…II 49 г.
Сегодня все опало и растаяло. Из окна холм показался мне неблагообразным, пестрым, пегим – бывают такие коровы. Ель на холме потеряла свою торжественность. Но когда, умудрившись позавтракать одной раньше всех и одной удрать на прогулку, я пошла по дороге к деревне, – я убедилась, что за городом, на вольной воле и в оттепель хорошо. Теплый ветер льнул к щекам. Я сняла рукавицы, и ветер ласково тронул мне пальцы. Ласковость его понравилась мне, и я не пошла в рощу, чтобы не расставаться с ним. В глубоких колеях дороги на Быково, в подернутых рябью лужах, синело небо, и по небу, словно бумажные кораблики, плыли облака. Теплый ветер гулял дорогой, полем и улетал тормошить влажные, торчащие на другой стороне оврага семейки берез. Я представила себе, как он срывает круглые капли с ветвей, как они катятся за ворот, и дрожь пробрала меня между лопаток. Я дошла до мокрого стога сена и повернула назад, не зная, куда теперь. Если бы взять в руки этот стог, обнять и выжать, из него потекла бы вода, как из губки. Ветер меня утомил. Я подумала о голубой скамейке на одной из дорожек неподалеку от дома и пошла туда. Но скамья оказалась занята. Подостлав газету, на ней сидел Векслер – тот самый еврейский поэт, седой, с орденами, о котором мне говорили, что он воевал в этих краях. Ветер пошевеливал какие-то бумаги возле него на скамье.
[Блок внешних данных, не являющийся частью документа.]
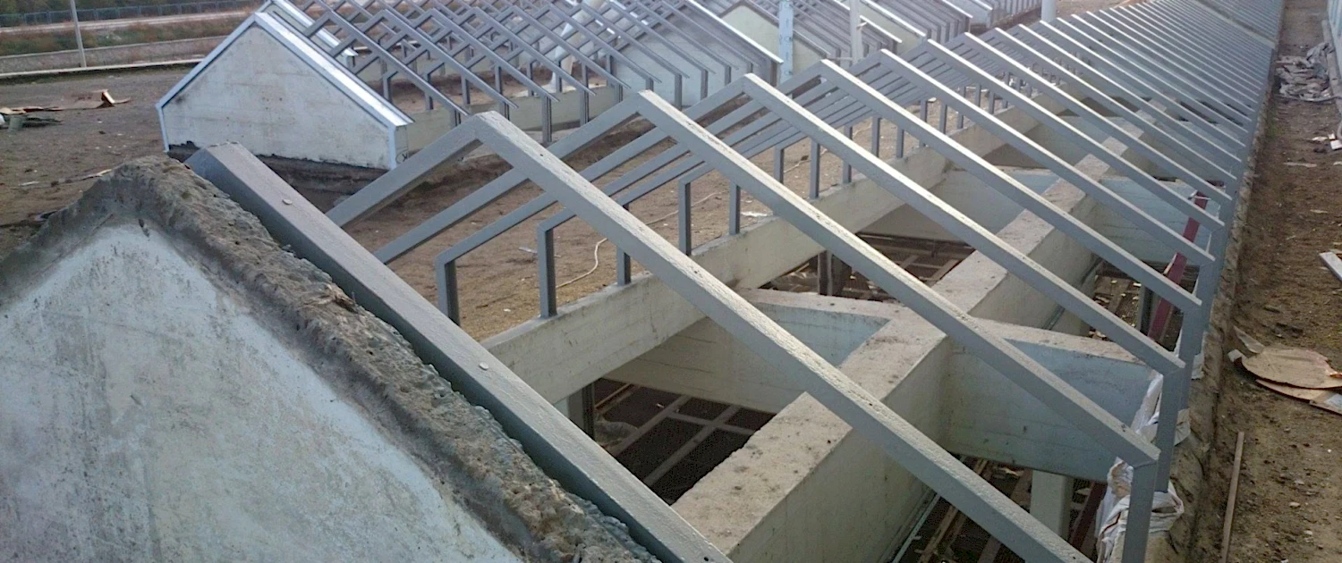 Eğer çatı yapımı, betonarmanın üzerine yapılacaksa mutlaka dikmeleri betona 5 ila 10 cm demir cubuk lamalar ile betona sabitlenmesi gerekir. 40*40 veya 40*60 profillerin çatı parabetinin en az 15 ila 25 cm çıkışı sağlanmalıdır. Bu oran çatı yapımı ve projenin durumuna göre değişiklik gösterebilir. Gizli derelerin yer alması durumunda dış parapetten içe en az 20 cm dere genişliği bırakılmalıdır.

По-видимому, по моей походке ясно было, что я намеревалась присесть, – поэт вскочил и маленькими красными руками стал торопливо убирать бумаги, освобождая мне место. Я ему помешала, конечно, но после такой доброжелательной торопливости невежливо было бы пройти мимо.
У него молодые быстрые глаза, резкая седина и узкий запавший рот старика. Старость и молодость явственно борются на этом лице.
– Это мои стихи, – сразу объяснил он, видя, что я гляжу, как он поспешно запихивает бумаги за борт пиджака, все не попадая в карман. – То есть переводы моих стихов.
– Вы, видно, работали, а я вам помешала, – сказала я. Мне понравилось, что руки у него дрожали, касаясь листков. – Почитайте, пожалуйста, если вам не трудно читать на улице, здесь. Я стихи люблю.
Он посмотрел на меня с сомнением – как это так читать неизвестно кому с бухты-барахты? – но вынул бумаги. Старчески пошевелились губы. Молодо сверкнули глаза. Он развернул один листок.
– Нет, вы сначала прочтите мне по-еврейски, потом перескажите по-русски, а потом только прочитайте стихотворный перевод, – сказала я. – Тогда я лучше пойму.
Он снова пожевал губами. Читать ему, видно, хотелось, но он вглядывался в меня и раздумывал, стоит ли.
Однако начал.
Старческий рот исчез, остались смелые глаза человека, решившегося на отважный поступок: рассказать чужому о себе! Он читал по-еврейски, на идиш. Язык, всегда казавшийся мне безобразным, был в этом чтении прекрасен, как всякий, вероятно, язык, когда его слышишь не в хаосе, а в строю… Запинаясь, не находя слов, – я снова увидела впалый рот и посиневшие пальцы, – он начал по-русски пересказывать мне прочитанное.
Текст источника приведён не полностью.